Bangladesh will step up international pressure for repatriation of Rohingya: Minister

People crossing a river from a Rohingya refugee camp in Cox's Bazar, Bangladesh, on Sept 19, 2017. PHOTO: REUTERS

DHAKA - Bangladesh plans to increase the pressure on Myanmar to take back the 700,000 Rohingya refugees that it has been sheltering for over a decade.

"On one hand we are concentrating on humanitarian aid, and on the other, we are beefing up the international pressure on Myanmar, so they can take them back at the earliest (time)," Bangladesh's State Minister for Foreign Affairs Mohammed Shahriar Alam told The Straits Times on Thursday (Sept 21).

He was speaking in response to the declaration by Myanmar leader Aung San Suu Kyi on Tuesday that her government was ready to verify the refugees for repatriation according to a bilateral agreement reached in the 1990s, after an earlier exodus from Myanmar's troubled Rakhine state.

"They didn't respect that agreement," Mr Alam said of Myanmar's previous military government. "It was very difficult to communicate with them - almost zero response from the Myanmar side."

The Bangladesh government had "patiently" waited for Ms Suu Kyi's civilian government to take over after her victory in the 2015 election, hoping the transition would speed up the process, he said.

"We always wanted to engage meaningfully - bilaterally, not internationalising the issue," he said. "But obviously that didn't happen."

Bangladesh, which sent about 230,000 Rohingya back to Myanmar in the 1990s, has waited for years for Myanmar to accept another batch of 2,415 who have had their origins verified.

But its crowded refugee camps in the south-east are now being strained by an influx of 429,000 Rohingya who have poured in since Aug 25, when a Rohingya insurgent attack triggered a scorched-earth military crackdown.

The Rohingya are not considered an ethnic group in Myanmar, but as illegal "Bengali" migrants who arrived during colonial times.

Hundreds of villages in Rakhine have burnt to the ground - an act which the fleeing Rohingya blame on ethnic Rakhines working in concert with security forces. Naypyidaw has suggested the villagers are burning their own homes.

The widespread destruction of villages means new rules for refugee verification would be needed, said Mr Alam.

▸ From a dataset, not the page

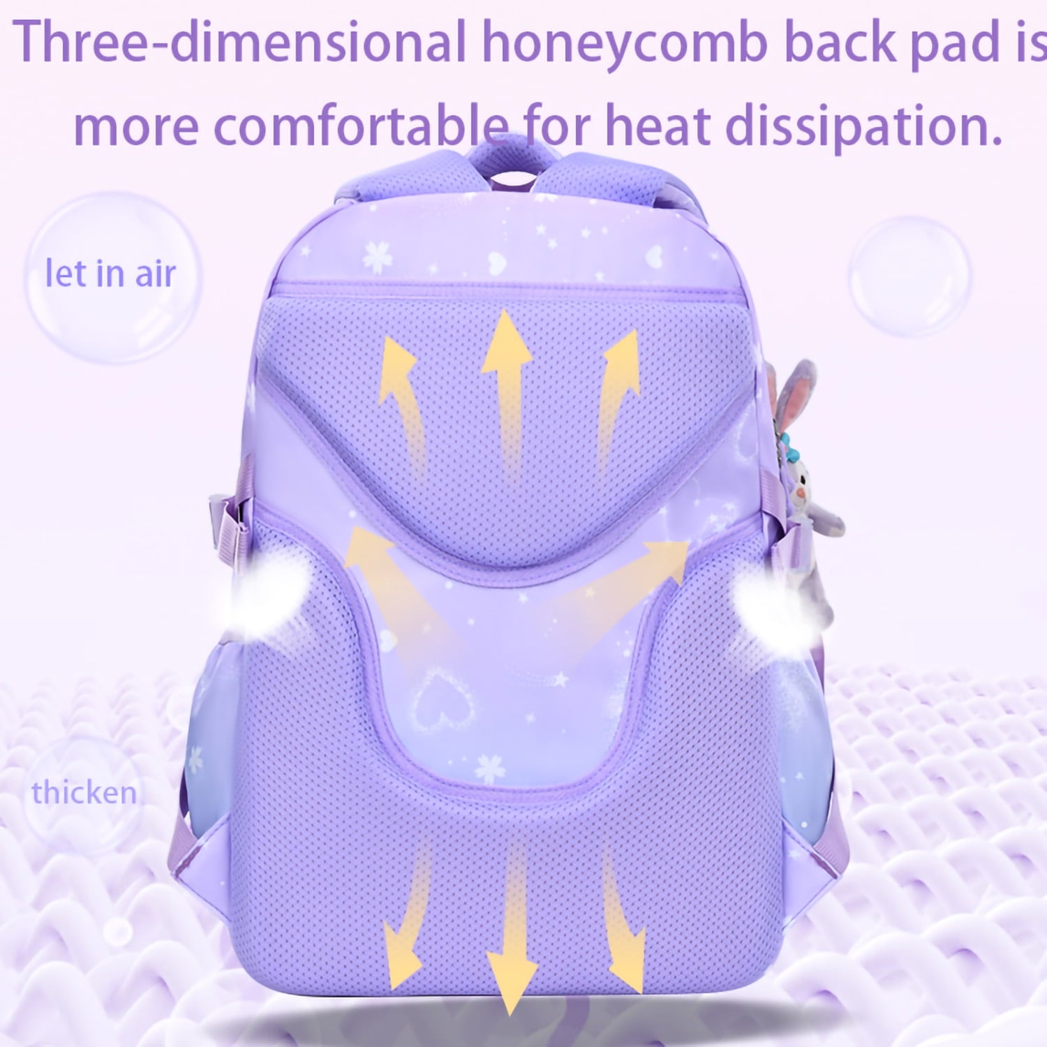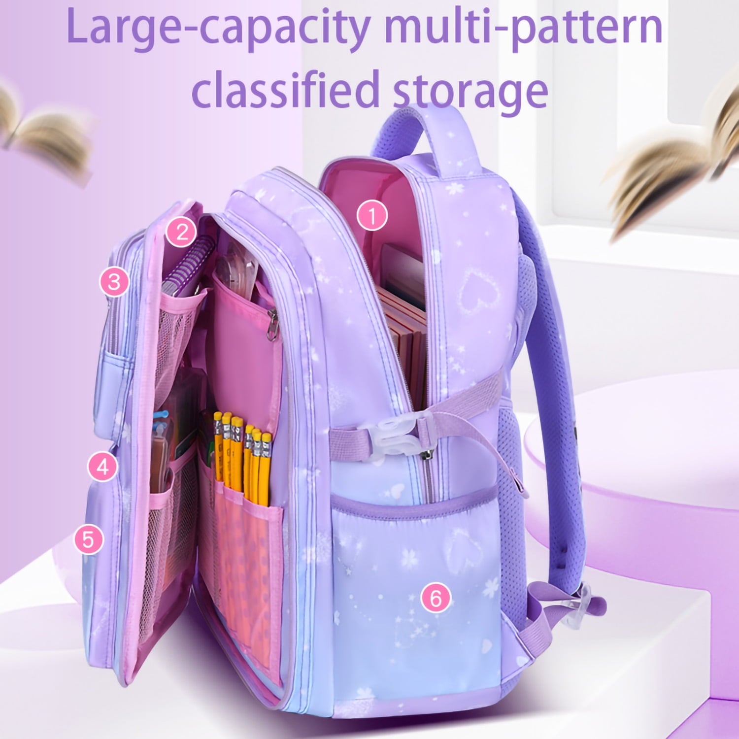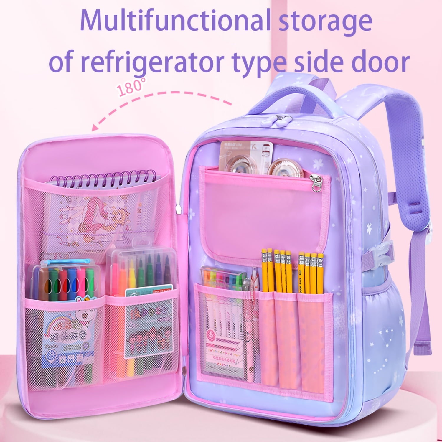 This purple girls backpack features a large capacity, perfect for carrying all your essentials, whether for school, work, or travel. Its durable construction ensures long-lasting use.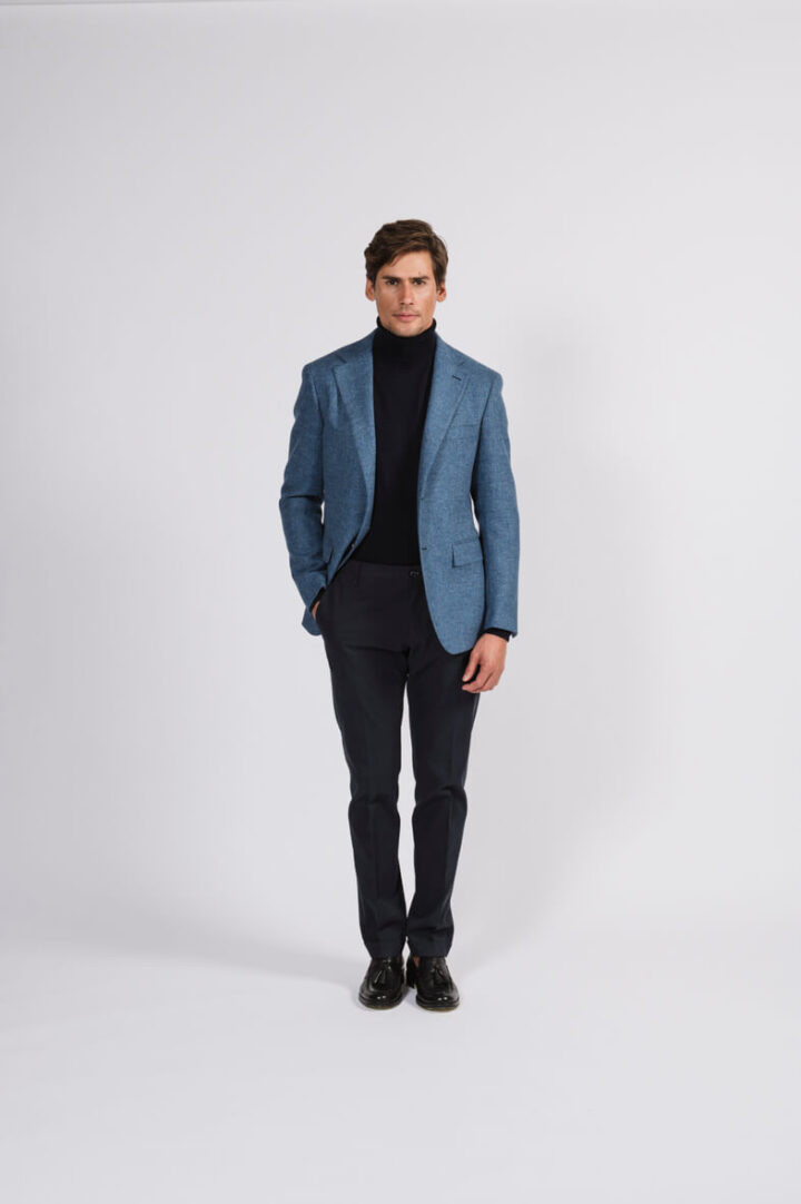 Single-breasted jacket with two buttons – Double profile pockets with flap and left piping pocket – Tailored stitching – Composition 100% wool – Regular fit – Made in Italy

Many of the refugees are unaccompanied children, and hence unlikely to have documents proving their identity. The same applies for those whose homes have been razed.

"We would need to put new procedures in places, like United Nations would have to be present during the identification process," he said.

The minister also urged Asean to press Myanmar on the Rakhine issue.

"Asean countries need to come forward because Myanmar remains mindful of its relationship with the Asean countries," he said.

Ms Suu Kyi, who is also Myanmar's foreign minister, skipped this month's United Nations General Assembly in New York. Asean ministers present there are expected to hold an informal meeting on its sidelines, where the Rakhine issue could be discussed.

Although Asean countries such as Indonesia, Malaysia and Singapore have publicly voiced their concern over the Rakhine issue, there have been no initiatives from the 10-nation bloc on the humanitarian crisis. The grouping operates by consensus.

Mr Alam said: "Asean has a policy of not interfering in other member countries' internal affairs, but this is an issue which is no longer Myanmar's own."